The first knock-out mouse model for relative myopia was based on form-deprivation experiments in chickens, mice, and rhesus macaque monkeys. 51 This model involved the immediate early gene transcription factor ZENK (also known as Egr-1), which is up-regulated in retinal amacrine cells when axial eye growth is inhibited by positive lens wear, and is down-regulated when axial growth is enhanced by negative lenses, suggesting that ZENK is linked to an axial eye growth inhibitory signal. ZENK knockout mice had longer eyes and a myopic shift relative to heterozygous and wild-type mice with identical genetic background. 51

Zhou and colleagues 52 provided a helpful record of refraction, corneal curvature, axial components, and the correlations between refraction and ocular growth during emmetropization in C57BL/6 mice. Refraction was most myopic at day 25 then shifted in the hyperopic direction to reach a peak at 47 days.

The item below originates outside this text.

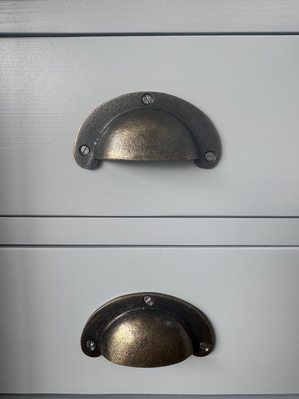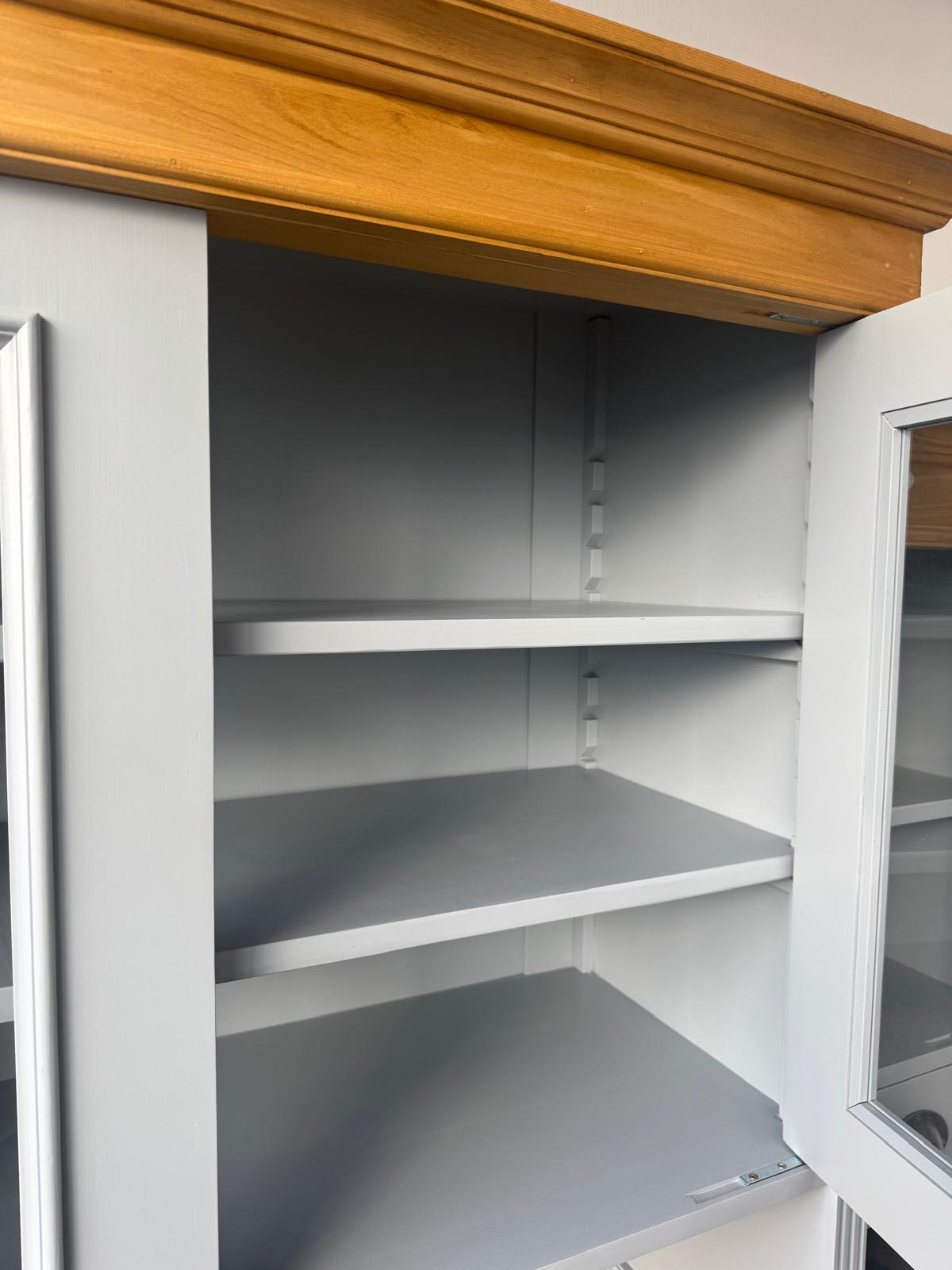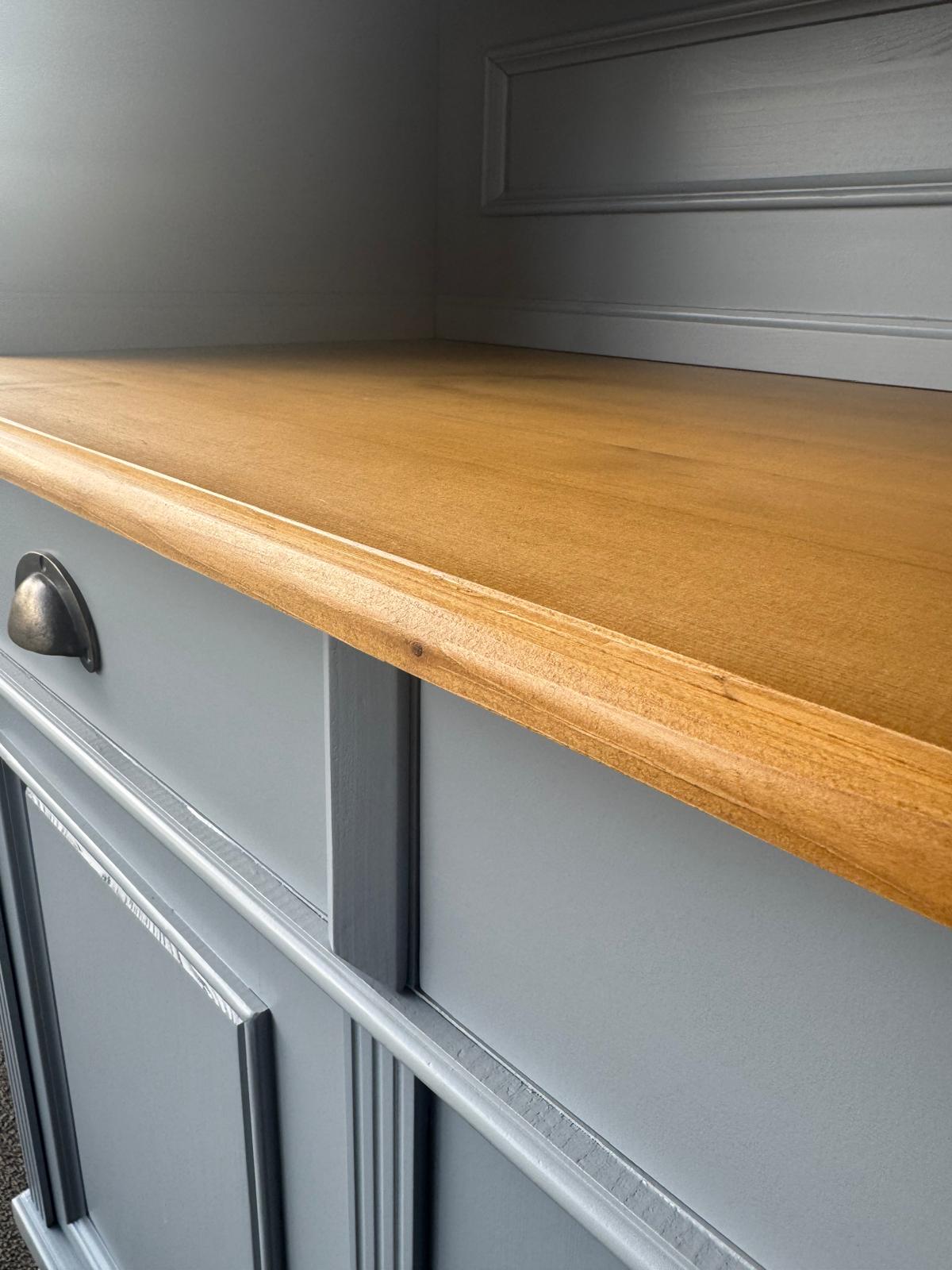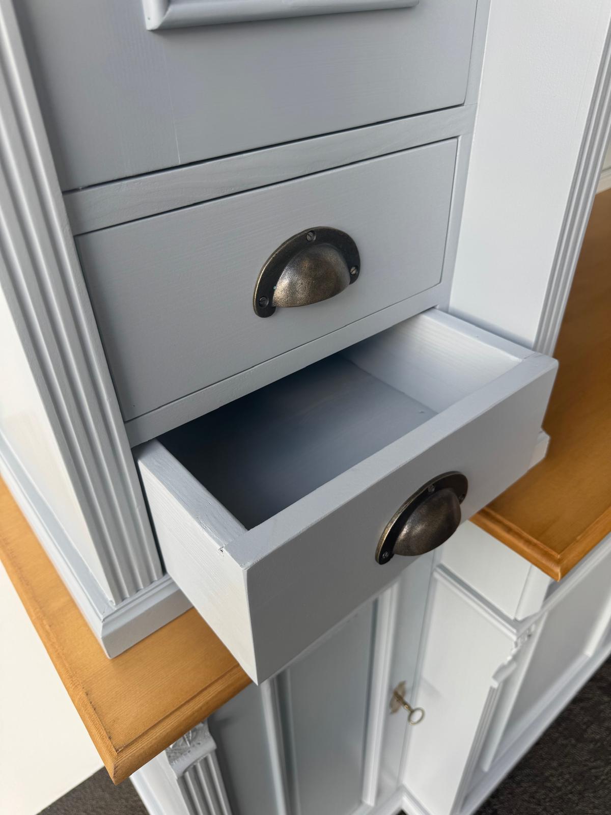 Ein großes Landhaus Buffet aus Massivholz mit großen Schubladen und schönen Muschelgriffen. Das 2-teilige Küchen Büffet wurde von Hand aufwendig und mit viel Liebe zum Detail hergestellt. Der Innenausbau beinhaltet stabile verstellbare Regalböden. Der Schrank ist aus Massivholz neu hergestellt. Farbe grau mit einer antikbraunen Arbeitsplatte und abgesetzten Holzelementen. Ein Massivholz Buffet im Landhaus Stil, welches überall in Ihrem Haus einen prägenden Eindruck hinterlässt. Neben viel Stauraum in den Schubladen, lässt der obere Stauraum viel Platz für Ideen und dekorative Accessoires.

Hyperopic defocus, where the conjugate point of the object of regard is behind the retina, was been shown in early animal models to stimulate eye growth that moves the retina toward the conjugate point. Myopic defocus was reported to inhibit axial elongation, more robustly in the chick eye than in the mammalian eye, with the choroid of the chick pushing the retina forward toward the myopic focal point. 53 , 5 , Later studies showed that animal eyes respond bidirectionally to a level of defocus greater than its distance from emmetropia. The bidirectional modulation of eye growth by hyperopic and myopic defocus in disparate species suggests that the same may occur in children. 55 – 57

Although three earlier studies in humans suggest that increases in accommodative lag occur before the onset of myopia, 58 , 59 the Collaborative Longitudinal Evaluation of Ethnicity and Refractive Error (CLEERE) Study concluded that increased hyperopic defocus from accommodative lag may be a consequence rather than a cause of myopia. 60 Increased accommodative lag relative to model estimates of lag in emmetropes did not occur in children who became myopic before the onset of myopia or during the year of onset. 60

Evidence that excessive accommodation does not cause myopia includes the fact that visual deprivation myopia can be induced in the young of many animal species, including primates after ciliary ganglion destruction, Edinger-Westphal nucleus destruction or following optic nerve section. 61 , 62 , Recovery from refractive errors induced by the wearing of minus or plus lenses can also occur accommodation has been surgically abolished. 61 , 62

More recently, studies on infant monkeys suggest that the peripheral retina can play an important role in modulating overall eye growth and axial refraction. 63 – 65 While studies 66 , 67 strongly suggest an association between relative peripheral hyperopia and the development of myopia in humans, a causative role for the former has yet to be confirmed. It may still be that the relative peripheral hyperopia observed in eyes that become myopic is simply associated with the more prolate or less oblate shape of the eye.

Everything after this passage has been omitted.